You’ve come to the right place to find the best wealth building property investments secrets in the world. The best ways to grow money and find your avenue to building wealth are not necessarily one and the same. That is because wealth isn’t money and money isn’t true wealth.
We can have all the money in the world and be impoverished in mind, body, and spirit. On the other hand, we can be penniless and wealthy in all other areas of our life.
One of my greatest desires is to see millions of people find the best wealth building property investment in the world so they can flourish in ALL areas of life. My company’s vision is to provide encouragement to millions by ensuring that every investment interaction further enriches every party involved and creates systems of harmony that promote prosperity where all beings flourish abundantly in all areas of life.
I am convinced that the best wealth building property investment we can make is investment in the inner-self. There is no more valuable wealth building property investment than investing in the development of me, myself, and I. Until we put effort into knowing, understanding, accepting, and appreciating ourselves we might find the best ways to grow money and even become monetarily the richest person on earth but still feel impoverished.
5 Areas of Flourishing to Build Wealth
For most of the history of the scientific study of psychology, the field has been focused on what is wrong with us as humans. This focus has benefited us in finding interventions that have helped those suffering from abnormalities to live better and more functional lives. What it hasn’t done is to help us better understand what it is that not only helps us overcome abnormalities but what is that helps us to thrive and flourish.
More recently, the field of what has become known as positive psychology has begun to seriously address this question. Research centers around the world are now studying this question and are finding evidence to support the assertion that we can use our minds to change our brains. As our brains change our bodies respond to the changes and behaviors change. As our behaviors change our minds change. The evidence is growing that mind and body are not separate but that our biology, environment, and psychology are all interconnected. The best wealth-building property investment we can ever make is the investment in our bio-psycho-social property. Property that all of us have within.

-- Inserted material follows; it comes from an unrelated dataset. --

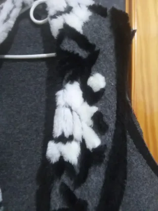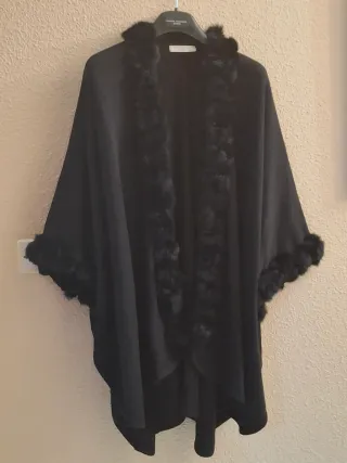 Elegante capa negra con detalles de pelo natural.,no sintetico La capa es un punto muy gustoso - Diseño abierto. - Adorno de pelo en el cuello y puños. Poquisimo uso, Dimensiones en fotos. Para cualquier ocasion.

If we are to develop a life that flourishes we first have to define what that would look like. The research has discovered that there are five necessary components: positive emotions, engagement, relationships, meaning, and accomplishments. All of us already have each of these components to some degree or the other. Beyond that, all of us have the capacity for building wealth internally to go beyond the minimum in all five areas and to flourish abundantly. When I say flourish abundantly in all areas of life, these are the areas of life to which I am referring. Attending these five areas of life are the best ways to grow money and will put you on the path of a lifetime of building wealth.
Intrapersonal Strengths to Develop in the 5 Areas of Flourishing
For us to further enhance all five areas we need to develop the skills that will take us there. Developing these inner skills is like developing any skill. It takes attention, intention, and the desire to develop the skill. Developing these skills is your best wealth-building property investment.

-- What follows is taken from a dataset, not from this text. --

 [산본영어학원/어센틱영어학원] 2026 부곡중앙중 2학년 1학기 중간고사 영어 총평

As I chat with each of my successful guests on Creek Side Chats, I see in each of the aspects of these various skills. As we chat they just naturally reveal the skills and skillset they relied on most heavily for building their wealth. For the most part, they were probably not conscious of the fact that the best way for them to grow money was the utilization of their intrapersonal skills that had become innate. We can see through, as we look retrospectively, that they were masters at applying these inner skills.
According to the research coming out of the Positive Psychology Center at the University of Pennsylvania, there are 24 core signature strengths. We all possess each to various degrees but all of us can further develop each strength for a more fulfilled life. In this short article, we will look only at two of these strengths through the perspective of the life experiences of two of our Creek Side Chats guests.
Creek Side Chats
As with all of us, Nitzan has many strengths but a brief conversation with Nitzan makes it apparent that he is a wise man.
Nitzan was a 24 year old successful and rising financial analyst at Lehman Brothers when his father passed away. Nitzan had a couple of old brothers both of whom were much older than him. By the age of 8, Nitzan was an uncle. His father was a successful and busy businessman who did not have a lot of time for Nitzan.
His father had already raised two sons by the time Nitzan was born and seemed to have the attitude that he had finished with Parenting. As a result, he and Nitzan never experienced a warm and close relationship. Nevertheless, his father’s passing had a profound effect on Nitzan’s whole perspective on life.
Nitzan began to question his whole life and his purpose for being. He had watched his father seemingly place money as the top or even the only value in life. At his father’s death, Nitzan began to ask what is the point if you accumulate money but leave nothing else behind.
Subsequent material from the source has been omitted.